Nos recueils sont des compilations de
récits de rêve destinées à en faire
l'étude, notamment l'étude narrative. C'est sur la
base du recueil général de ces récits qu'a
été menée jusqu'ici l'étude du
rêve surréaliste et entreprises les études du
rêve/songe romantique, du rêve
« fantastique » du réalisme (et
notamment de la littérature fantastique) et du rêve
des romanciers modernes du XXe siècle. Ces travaux ont
été réalisés au fil des ans dans le
cadre de mon séminaire sur l'étude narrative à
l'Université de Montréal.
Dans le cas des premières
représentations de l'onirisme dans la littérature
française, on a procédé à l'inverse,
c'est-à-dire qu'on a d'abord mené l'étude
narrative du songe médiéval avant d'en recueillir des
exemples significatifs, ce qu'on a fait au fur et à mesure
de l'analyse, tout au long des trois dernières années
du séminaire (2008-2011). En fait, les deux
premières années de travail ont porté
exclusivement sur le songe médiéval, tandis que la
troisième année a permis de développer
l'enquête dans un cadre plus large.
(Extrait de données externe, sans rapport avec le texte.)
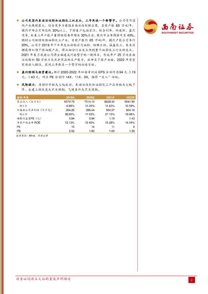西南证券:赞宇科技(002637)-年报一季报符合预期,看好油化日化龙头长期发展.pdf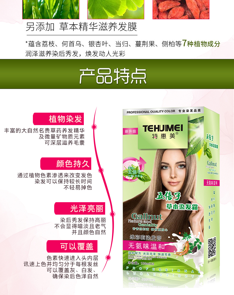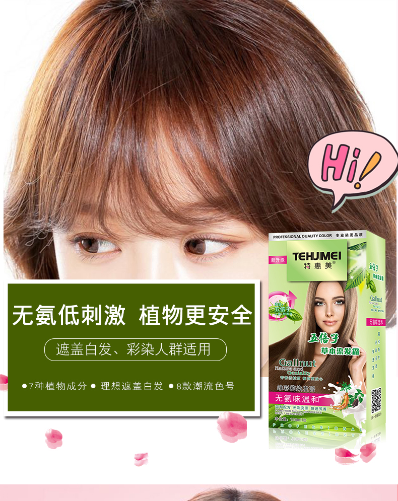 染发剂植物纯黑无刺激水亚麻灰染发膏霜天然酒红黑色一洗支黑色,无氨植物染发,遮白低刺激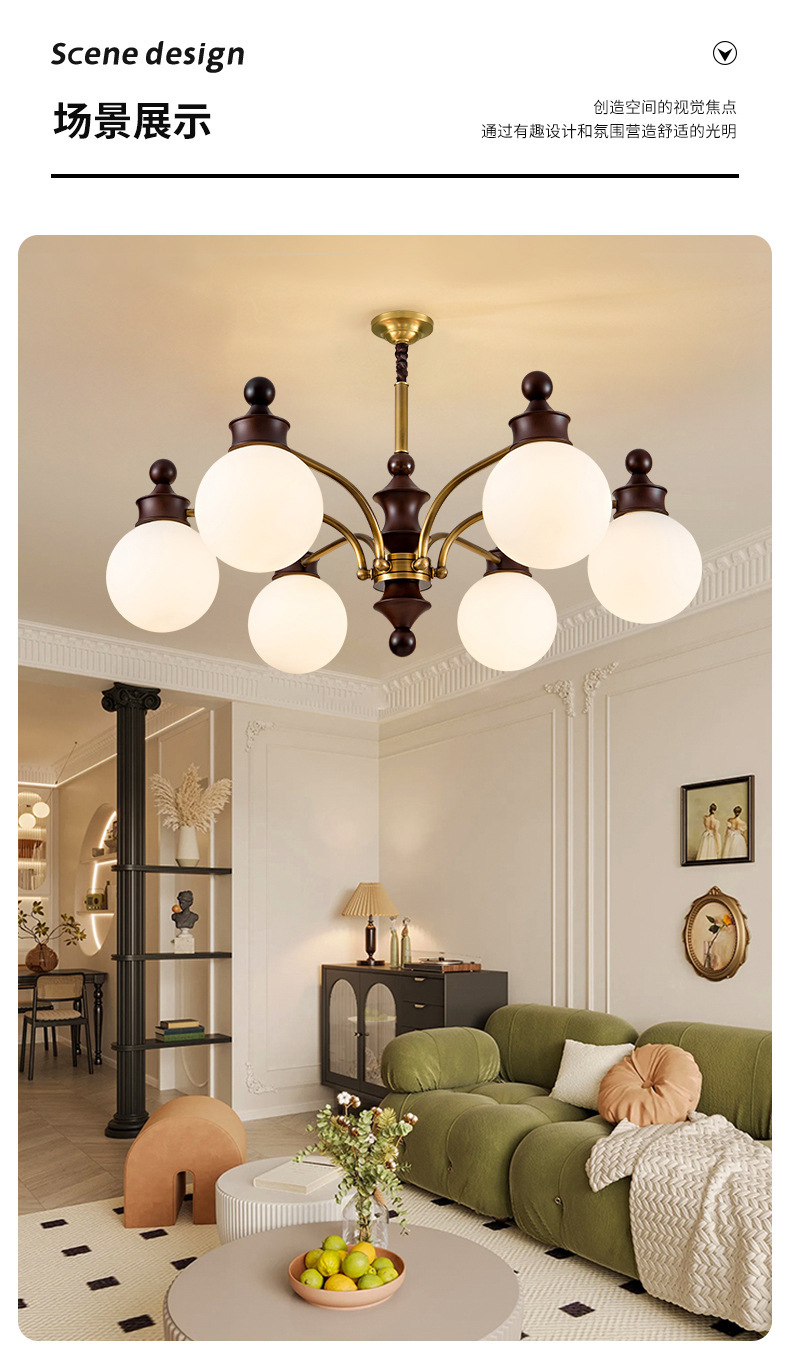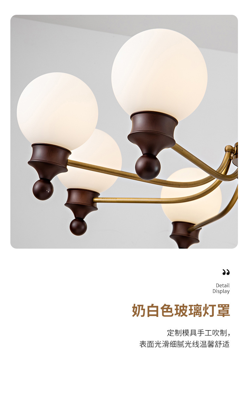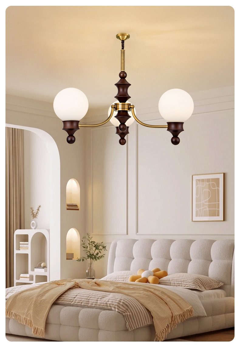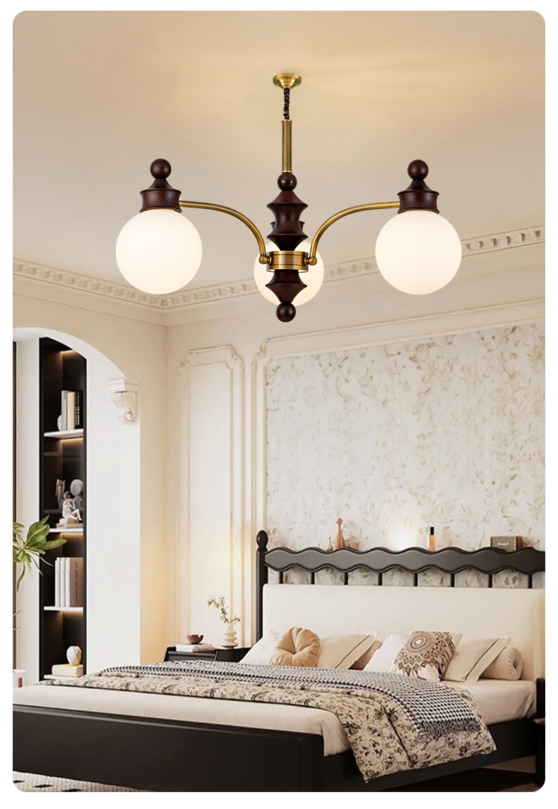 中世スタイルのレストランシャンデリアクルミ色のわびさびスタイルのハイエンドレトロダイニングテーブルティールームワンワードランプ中山ランプ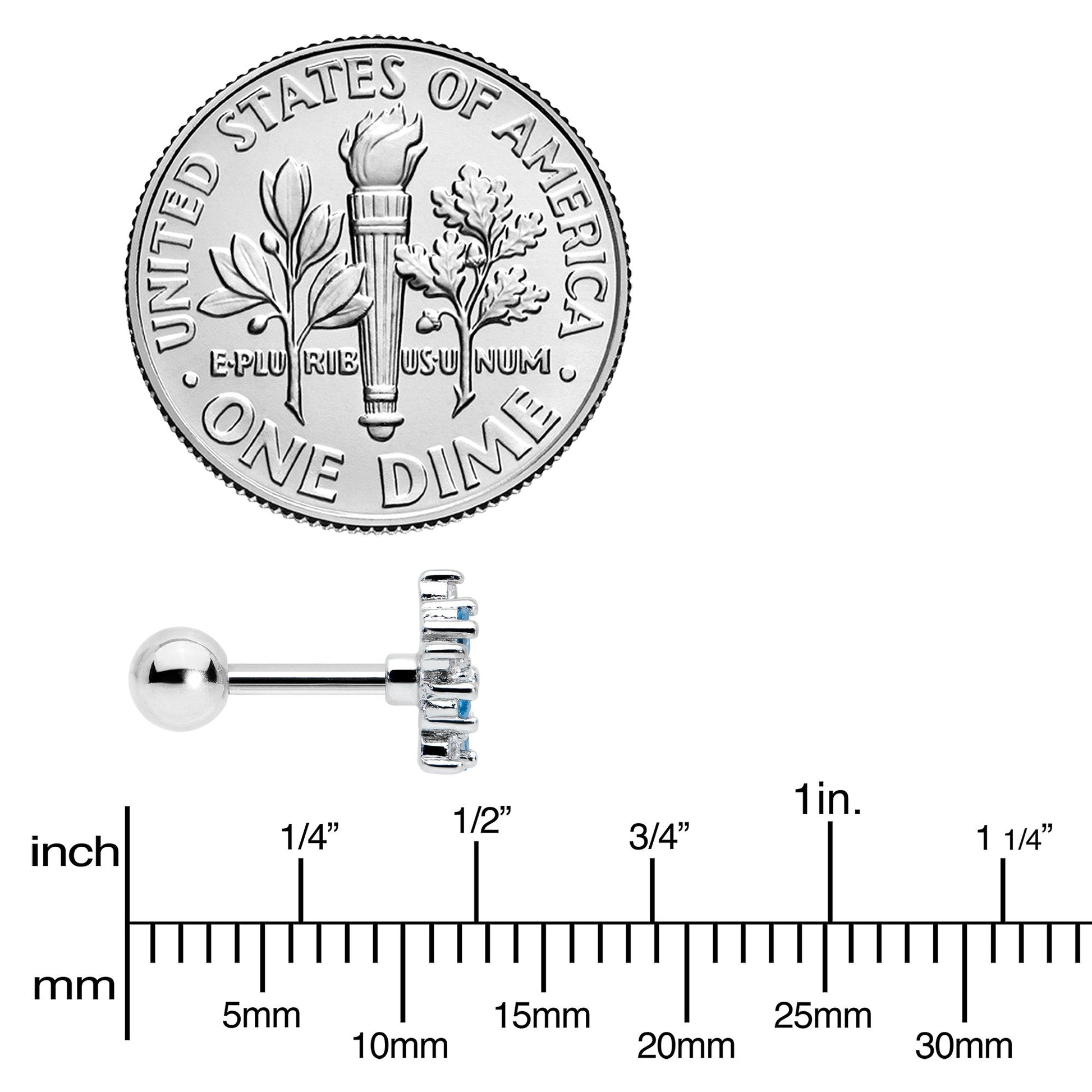 Your cartilage piercings will be bursting with style when you're rocking this 16 gauge tragus stud! It's made with a 6mm durable 316L surgical grade stainless steel straight barbell with a 4mm ball end. It features a floral charm, composed of blue cubic zirconia gems. The large petals are in full bloom and the flowers are further embellished with smaller, clear cubic zirconia gems along the edge. You can even flaunt this flower in multiple piercings including tragus, helix, and some conch piercings. Burst into style with this fabulous, flower cartilage stud!Specifications
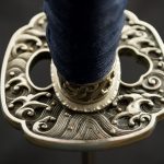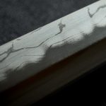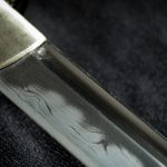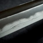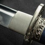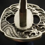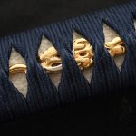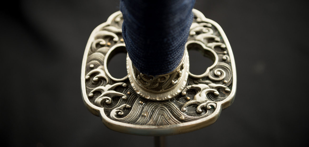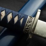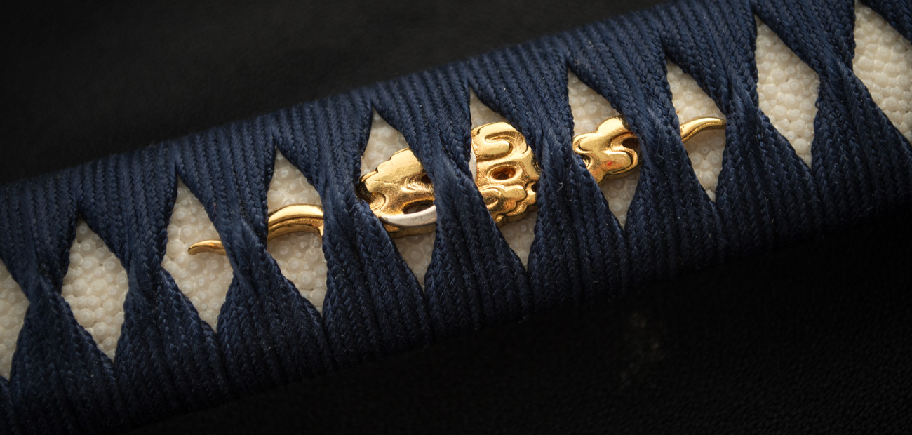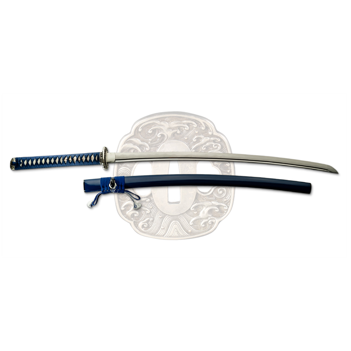 The placid blue saya conceals a rippling folded steel blade featuring bo-hi (groove) collared by a silver hibaki and notched seppa. The hada and hamon mirror the silver turbulent waves depicted tsuba, kashira and fuchi. Silver and gold menuki contrast against the dark blue tsuka handle wrap overlaid white same (ray skin). A blue and white sageo complete the saya accented by buffalo horn kurikata and koiguchi. The Sea Wave Katana & Wakizashi feature another duality between being formidable weapons and works of art.
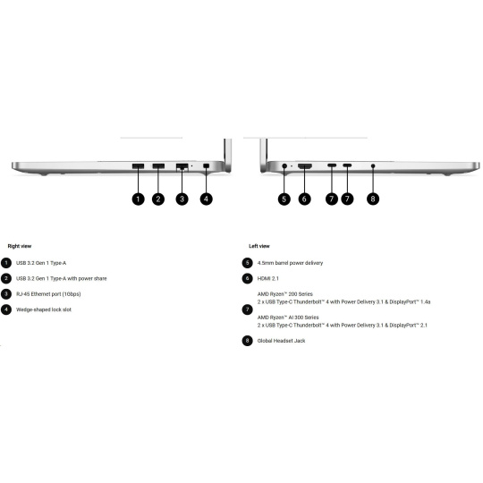 | 3-cell, 55 Wh, ExpressCharge™ Capable, ExpressCharge™ Boost Capable, 65W AC adapter, USB Type-C |

L'objectif de la
troisième année du séminaire (2010-2011)
était, au début, d'étudier le
« songe classique » à la Renaissance (et
accessoirement au XVIIe siècle), mais il est vite apparu que
le « songe classique » était tout
simplement la réalisation du songe, absolument, dans
toutes ses formes, soit les songes bibliques et
évangéliques, ceux des littératures grecque et
latine, puis de tout le Moyen Âge, suivi de la Renaissance et
du Grand Siècle, le XVIIe.
Certes, le XVIIe siècle allait voir
éclore la forme embryonnaire du rêve qu'on trouvait
déjà au Moyen Âge (exceptionnellement,
forcément, s'agissant de l'embryon) : ce sera la
représentation moderne de l'onirisme, le récit de
rêve (au sens strict), qui ne s'imposera et ne se
développera qu'au cours du XIXe siècle, pour prendre
toute son ampleur au XXe siècle.
Il suit, première conclusion de nos
travaux, qu'il n'y a pas de « Renaissance » du
songe classique au XVIe siècle, un renouvellement qui
s'appuierait sur les songes bibliques et gréco-romains,
comme c'est le cas des grands genres humanistes. Au contraire, le
« songe médiéval » n'est qu'une
période, rien de plus, dans le développement continu
des formes du songe classique qui ne cessera de s'imposer et
de s'enrichir jusqu'au coeur du XVIIIe siècle, alors
même qu'il sera en compétition avec une toute nouvelle
forme d'onirisme, le rêve et le récit de
rêve.
Il faut même aller un peu plus loin
(dans la pensée et le temps) : l'apothéose du
songe se trouvera finalement chez les romantiques, ceux-là
même qui vont les premiers imposer le récit de
rêve moderne, tout le contraire du songe.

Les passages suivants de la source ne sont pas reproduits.